**Data block:**
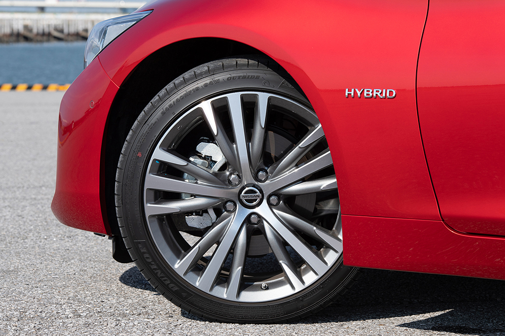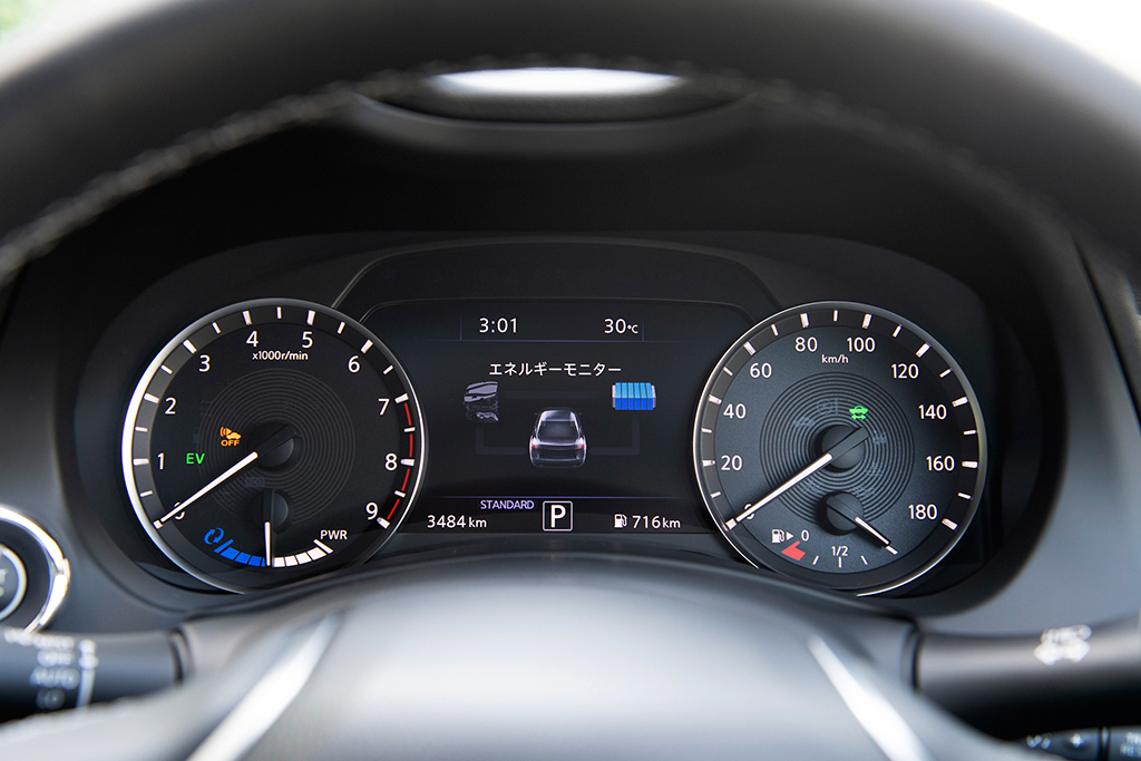 パワーユニットは、最高出力306馬力を発生する排気量3498ccのV型6気筒DOHC“VQ35HR”型ユニットに、最高出力68馬力の“HM34”型モーターを組み合わせ、システム最高出力は364馬力を発生します。モーターは7速ATとの一体になっていて、前後にふたつ備わるクラッチが、走行状態によってモーターとエンジンとを適宜、断続する仕組みとなっています。
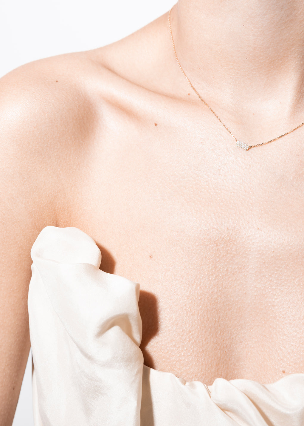 hannah is a playful aesthetic into fine jewelry in a 18k necklace with 19 round cut diamonds
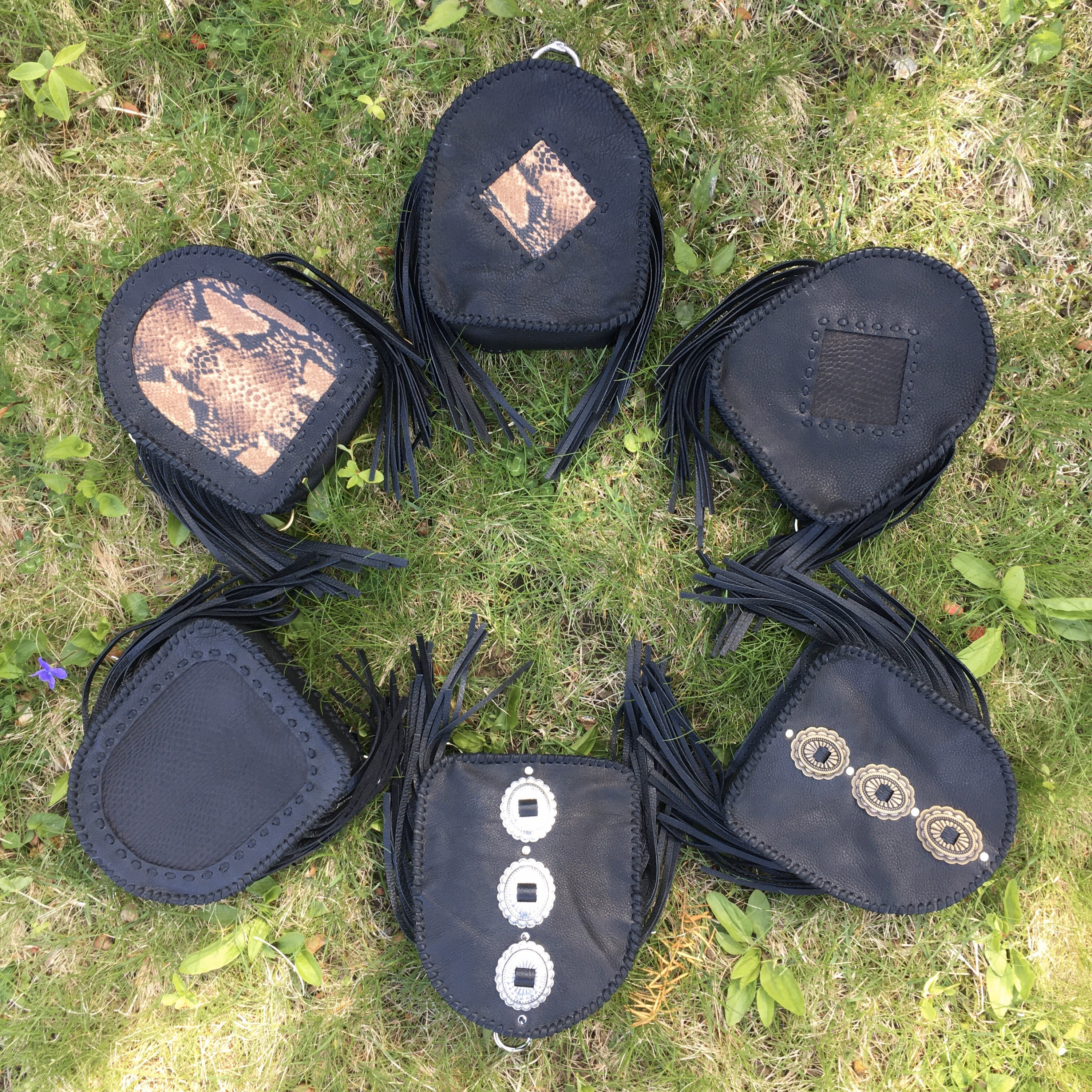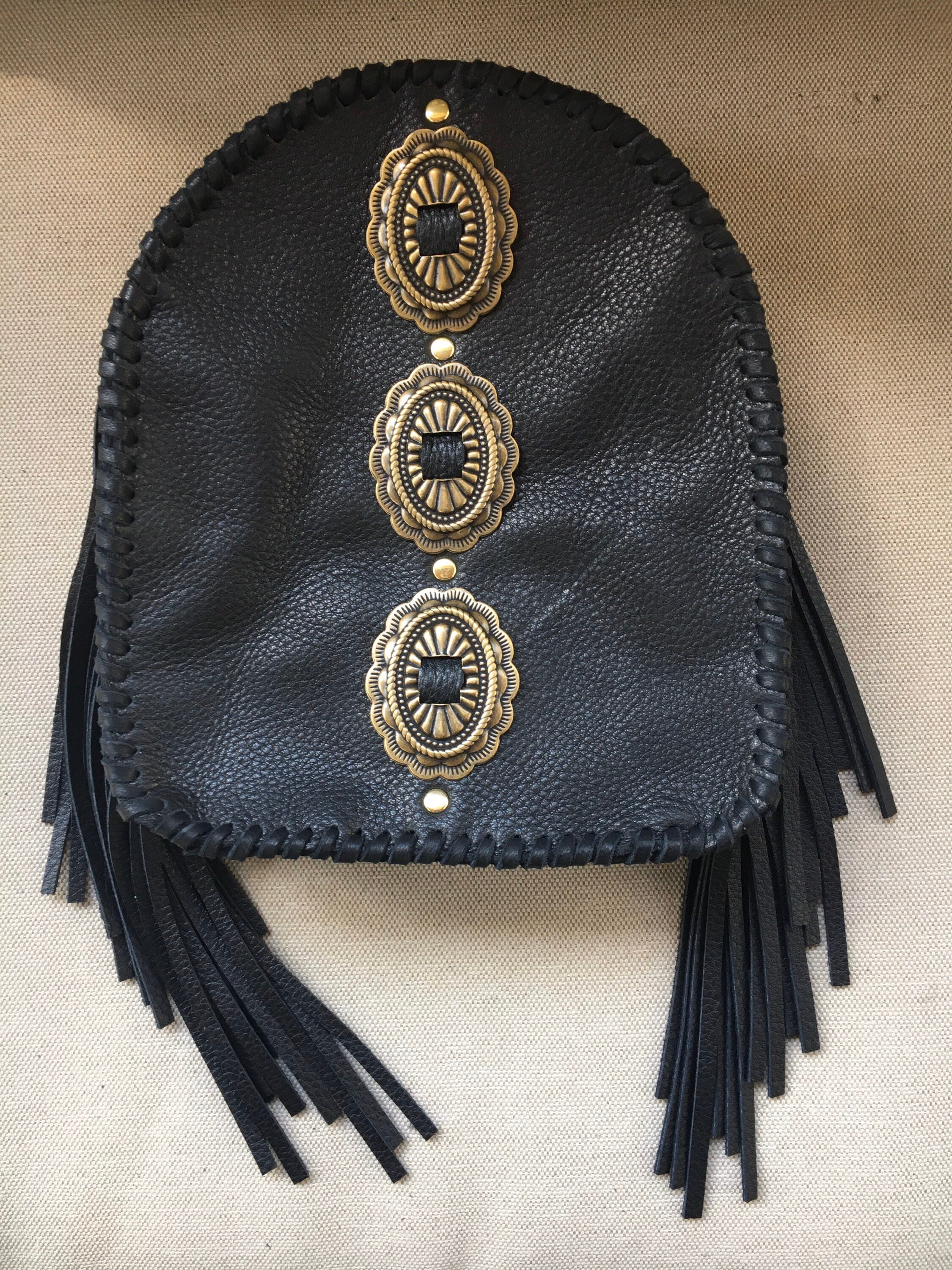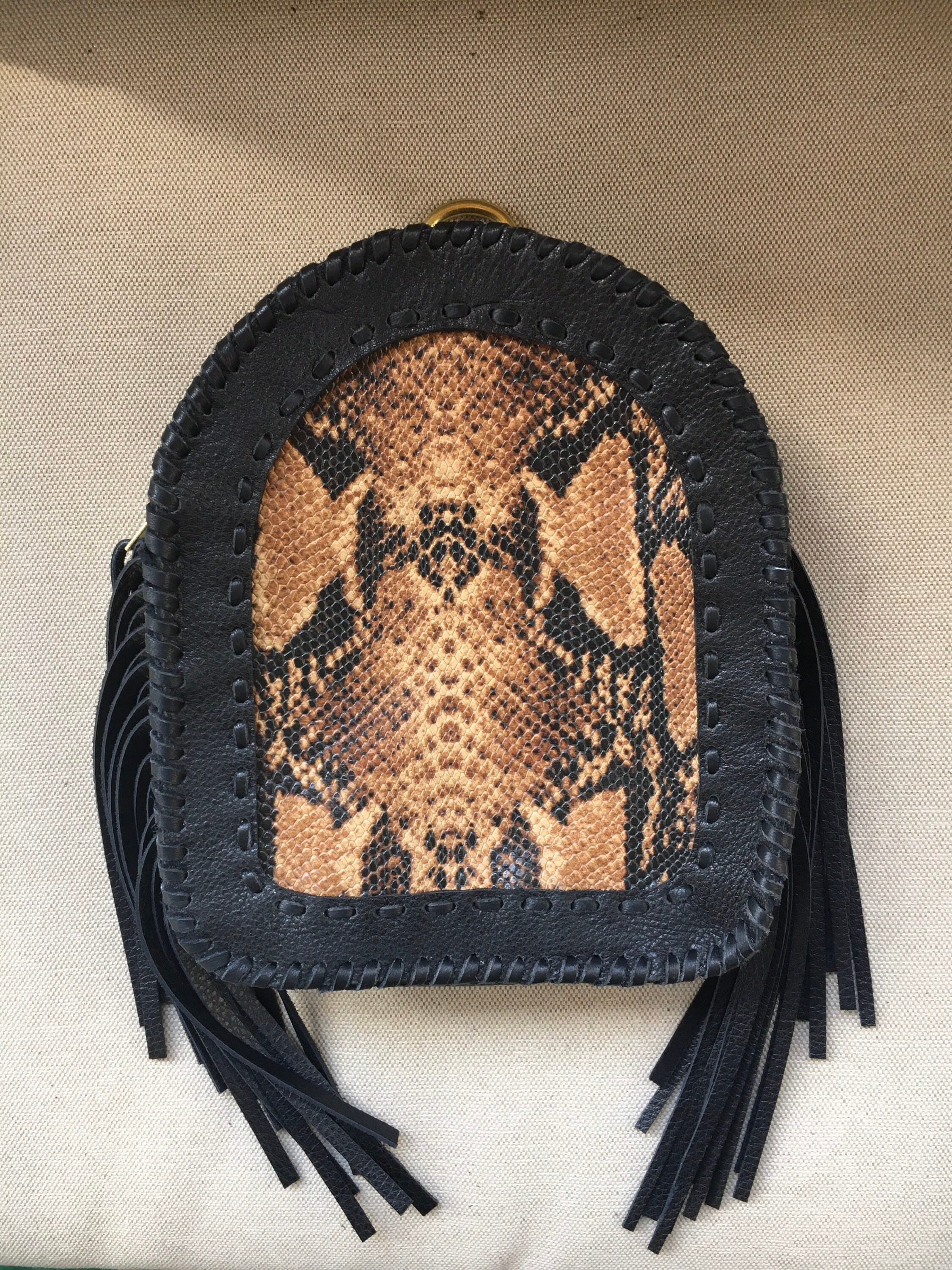 Each backpack has 6 inches of side fringe. Partially lined.

**What you will do:** This task calls for the lines from the line containing "hannah is a" through the end of the listing, set down exactly and only, with pictures omitted.

**Result below:**
 hannah is a playful aesthetic into fine jewelry in a 18k necklace with 19 round cut diamonds
 Each backpack has 6 inches of side fringe. Partially lined.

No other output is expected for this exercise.